Building Regs Part F UK 2026 — Ventilation Rules Every Trade Should Know

8 min read·14 Jun 2026

Ventilation is one of the most misunderstood corners of the Building Regulations — and one of the easiest to get wrong on a job. As homes are built and retrofitted to be ever more airtight for energy efficiency, the rules on getting fresh air in and moisture out have only become more important. Whether you're a builder, a heating engineer, an electrician fitting extractor fans or a window installer, Approved Document F applies to your work more often than you might think. This guide explains what Part F is, the ventilation strategies it covers, and the practical compliance points that catch trades out in 2026.

What Is Part F?

Part F of the Building Regulations for England covers ventilation. The accompanying guidance — Approved Document F — sets the requirement for adequate means of ventilation for people in the building. In plain terms, it exists to make sure there is enough fresh air coming in and enough stale, moisture-laden air going out to protect health and prevent condensation and mould.

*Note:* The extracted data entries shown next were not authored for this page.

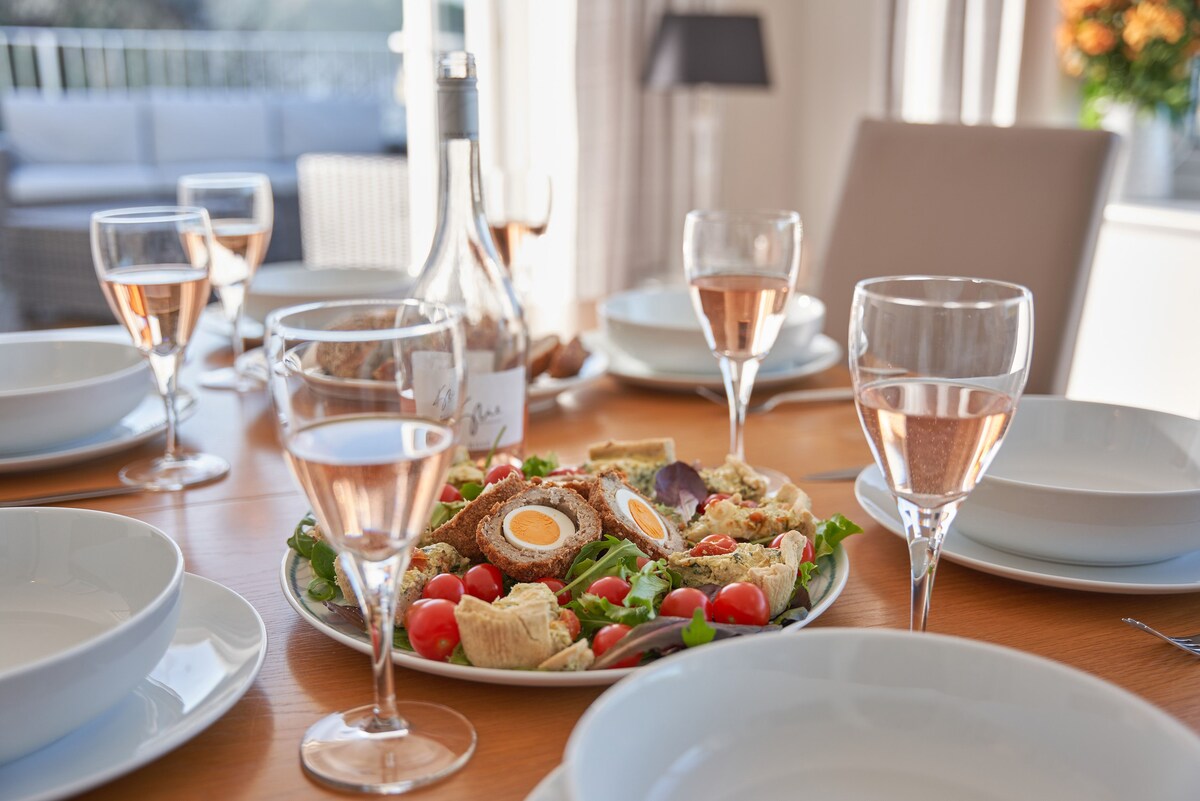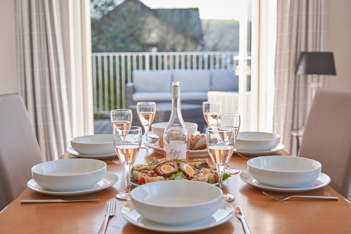 Double doors from the lounge to the dining room give a lovely open-plan feel; the dining room has a large table and chairs that comfortably seat five guests. Windows that stretch the length of the room really make the most of the view, and patio doors on the far wall that opens onto the beautiful deck bring a feeling of alfresco dining, even if it’s a bit chilly. The kitchen is at the rear of the property and is very well equipped with an oven and hob, fridge freezer and dishwasher; again a patio door allows you to access the large deck. There is also a utility room on the first floor with WC, washing machine, and tumble dryer.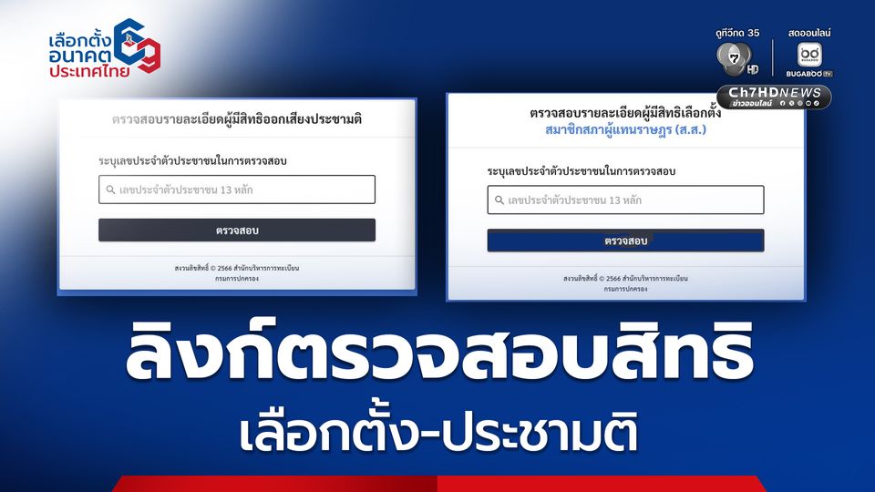 1️⃣ ตรวจสอบรายชื่อผู้มีสิทธิเลือกตั้ง และรายชื่อผู้มีสิทธิออกเสียงประชามติ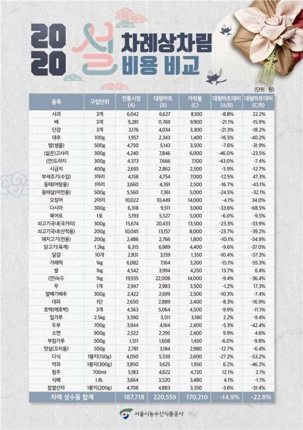 서울시농수산식품공사는 알뜰한 설 명절 준비에 도움이 되는 정보를 제공하기 위해 서울시내 25개구 전통시장, 대형마트 및 가락시장 내 가락몰 등 총 76곳을 대상으로 2020년 설 차례상차림 비용을 조사·발표했다.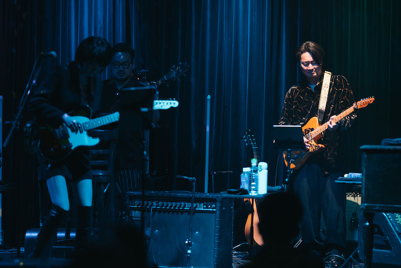 中盤で印象的だったのは、2021年にNHKの音楽番組『うたコン』でも披露した八神純子の「みずいろの雨」。吉田が爪弾くボッサ調のアコギにLittle Black Dressがスキャットを重ねる幕開けから恍惚として聴き入ってしまう味わい深さがあり、次第にジャジーなアレンジに移る中、「ずっとカラオケの十八番だった」「雨で人の心模様を表すっていうのは、日本人ならではの感性でとても好きです」と演奏前に話していたリト黒の感情の込め方、楽曲への憑依ぶりが絶品で、歌謡曲に対する想いがより生々しく伝わってきた。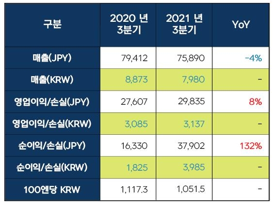 순이익은 3천985억 원(379억 엔)으로 132% 급증했다. 매출은 7천980억 원(759억 엔)으로 4% 감소했다.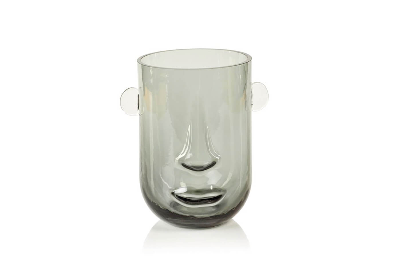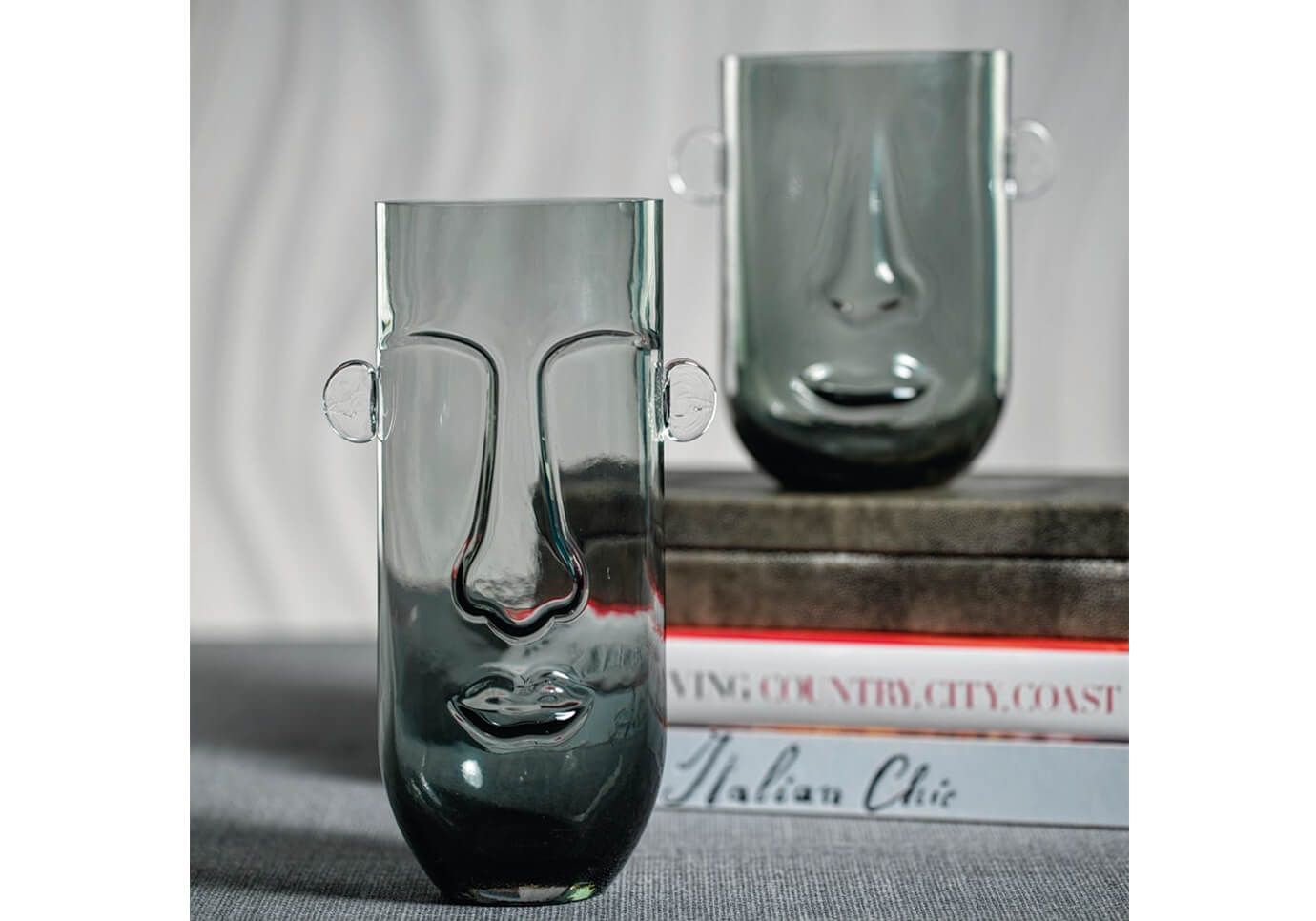 Florero redondo de vidrio humo negro diseño de una cara con orejas sobresalientes.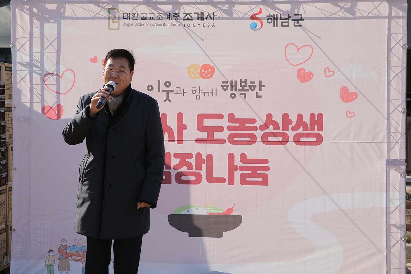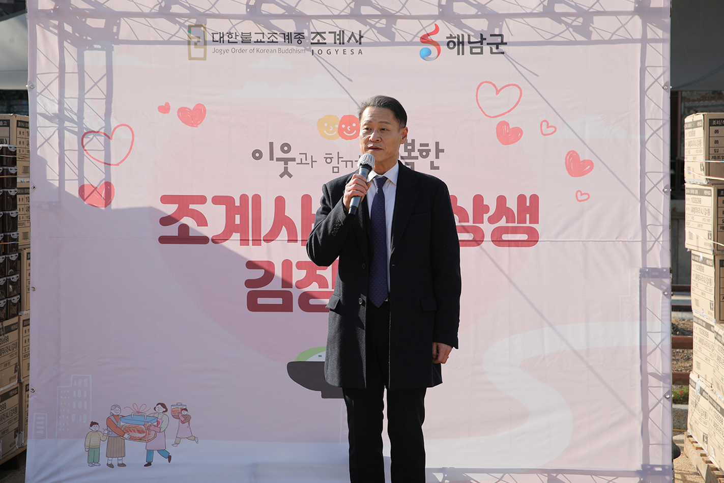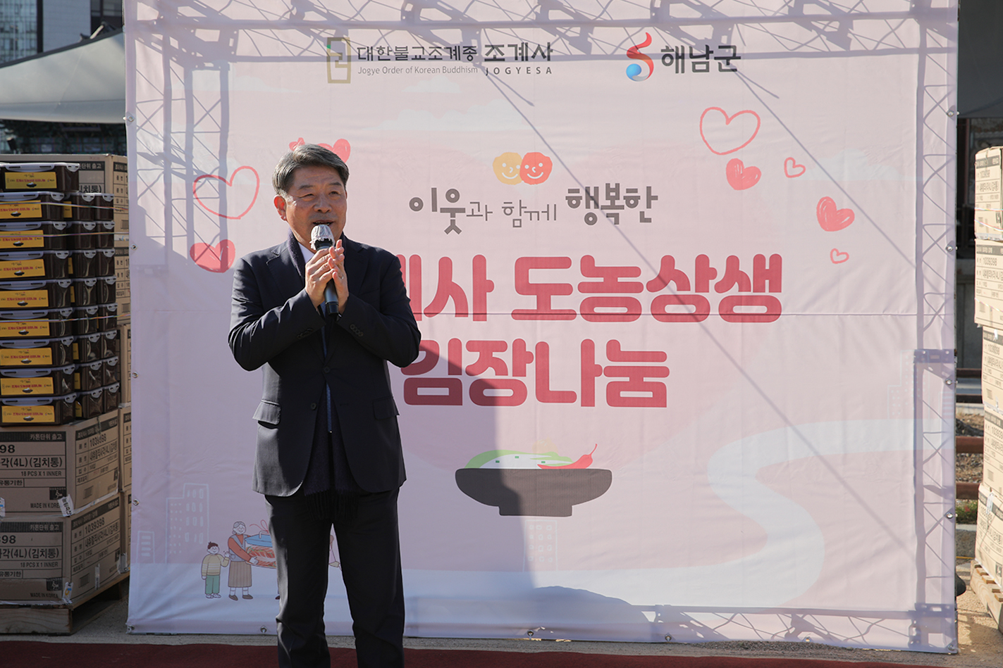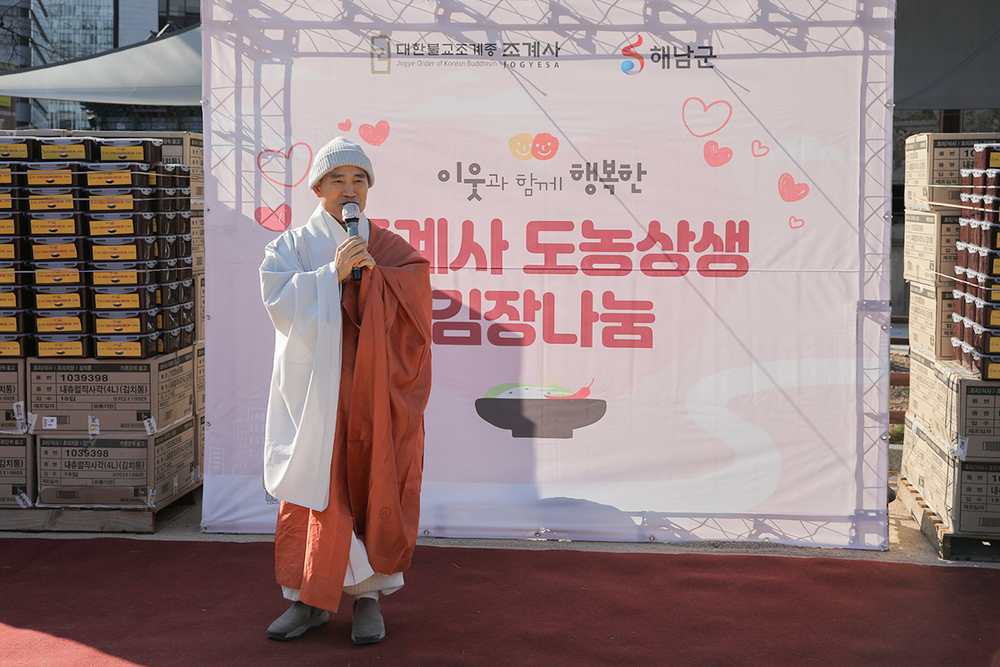 조계사 주지 담화 원명스님은 “오늘 날씨가 매우 춥습니다. 작년 김장날에는 눈이 많이 내렸던 기억이 납니다. 바쁜 일정 속에서도 해남에서 이렇게 참석해 주셔서 감사드립니다. 많은 분들이 함께해 주신 덕분에 큰 힘이 되었습니다. 추운 날씨지만 정성이 모이면 온정으로 추위를 이겨낼 수 있습니다. 어려운 이웃들에게 도움이 될 수 있도록 정성을 모아 주셨습니다. 다시 한 번 참석해 주신 분들, 그리고 아낌없이 지원해 주신 모든 분들께 감사 인사를 드립니다. 세상이 점점 살기 어려워지고 있지만, 내년에는 보다 즐겁고 따뜻한 연말과 한 해가 되기를 바랍니다.”라고 말했다.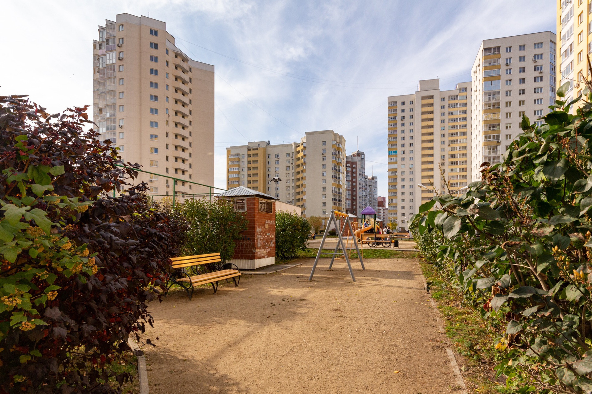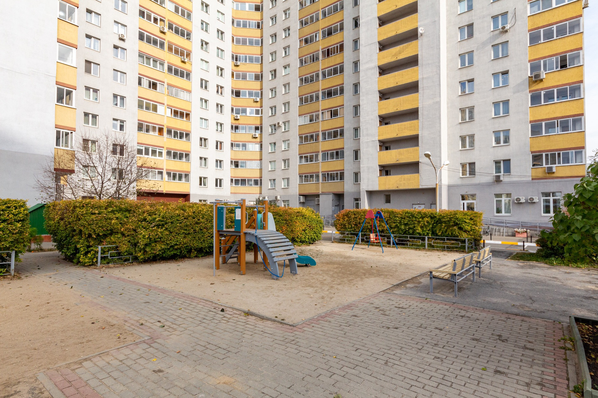 Из окон открывается вид на улицу, что добавляет жилью света и воздуха. Во дворе дома расположены детская и спортивная площадки, где можно проводить время всей семьёй.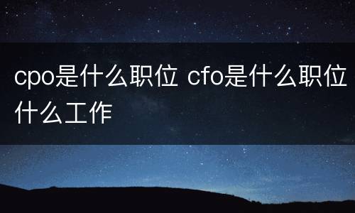 CPO指两种职位,分别是首席产品官和首席流程官。首席产品官负责产品线规划与管理;创新资源分配与创新项目管理;对企业持续成功创新负责。首席流程官是期货投资基金的主要管理者,也是基金的设计者和运作的决策者,负责选择基金的发行方式、选择基金的主要成员和决定基金投资方向等。
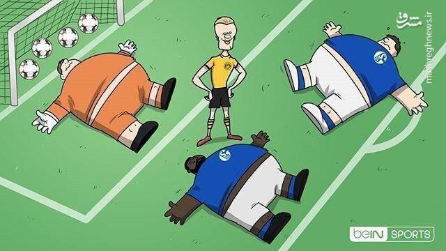 کاریکاتوری از اضافه وزن بازیکنان فوتبال بر اثر قرنطینه در بازی شالکه و دورتموند را مشاهده می کنید.

Part F does not work in isolation. It is the direct partner of Part L, which governs the conservation of fuel and power — insulation and airtightness. The two were uplifted together in the 2021 edition (in force from June 2022), and the relationship between them is the single most important thing for a tradesperson to understand. The trade principle is "build tight, ventilate right": as you reduce uncontrolled air leakage to save energy under Part L, you must add controlled, purpose-provided ventilation under Part F to replace the fresh air the building used to get through gaps and draughts.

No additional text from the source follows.